VERITAS Research Institute and Archives

11 February 2016

In Királyhelmec (Kráľovský Chlmec, SK) on February 11th, 2016, a new series of historical lectures called The History of Our Times (1867-1994) kicked off with Professor András Gergely of the VERITAS Research Institute for History discussing the Compromise of 1867.

István Pásztor, President of the Association of Zsuzsanna Lorántffy for the Development of the Bodrog-Tisza Region, the benefactor and host of the lecture series, opened the event by welcoming Gergely and the public to the Bodrogköz Hungarian Community Center in Királyhelmec.

András Gergely pointed out in his lecture, “The Compromise provided the legal framework for coexistence between Hungary and the Habsburg Empire, which was founded in 1526, and would last for another fifty years (after the Compromise). The Compromise itself was a creation of the political power struggles of the 1860’s. The specific legal resolution, however, traced its origin back one hundred fifty years, to the Pragmatic Sanction of 1713, and the historical experience of earlier coexistence provided useful lessons. There was another tradition as well: with its 1707 and 1849 dethronements, the idea of the emergence of an independent Hungary, which served the historical argument against compromise.”    

The professor continued, “For a long time there was a serious cost-benefit analysis associated with a potential compromise. Questions remained about how much independence there would be, how much sovereignty would have to be given up, what powers would remain with the emperor etc. Today we look at it differently: Was the system capable of positive change? Would it have been able to transform into a modern democracy, as was the trend in the 20th century? Setting aside the uncertainty pertaining to questions of nationality and public policy, the answer is still no.
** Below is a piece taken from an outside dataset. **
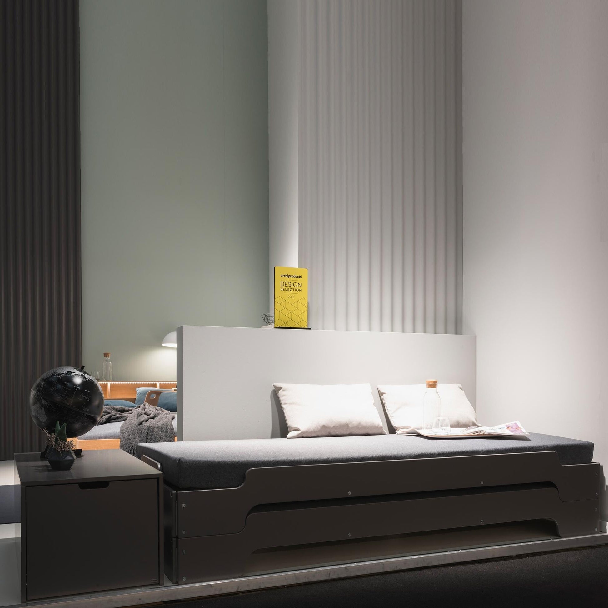 Die Stapelliege ist aus neunfach verleimtem Schichtholz gefertigt, das mit 15 mm Dicke sehr stabil und belastbar ist. Die Außenabmessungen betragen 93 cm Breite und 203 cm Länge. Als Zubehör kann man von Müller Small Living auch einen Lattenrost und eine Matratze mit 90 cm Breite und 200 cm Länge bestellen, um die Stapelliege perfekt auszustatten.

The Compromise’s achievement was to extend the life of the Habsburg Empire by another half century, whose disintegration took Greater Hungary with it.”

Thus we may state that the audience witnessed a fact-rich and engaging lecture, with Professor Gergely sharing many very interesting facts about the Compromise and providing the audience with such background information as which is not available from “everyday” sources.  

The next lecturer in the History of Our Times (1867-1994) series will be Ádám Schwarczwölder, whose presentation is titled “The Hungary of the Dual Monarchy and Europe”. It will take place at the Bodrogköz Hungarian Community Center at 5 PM on February 25th, 2016.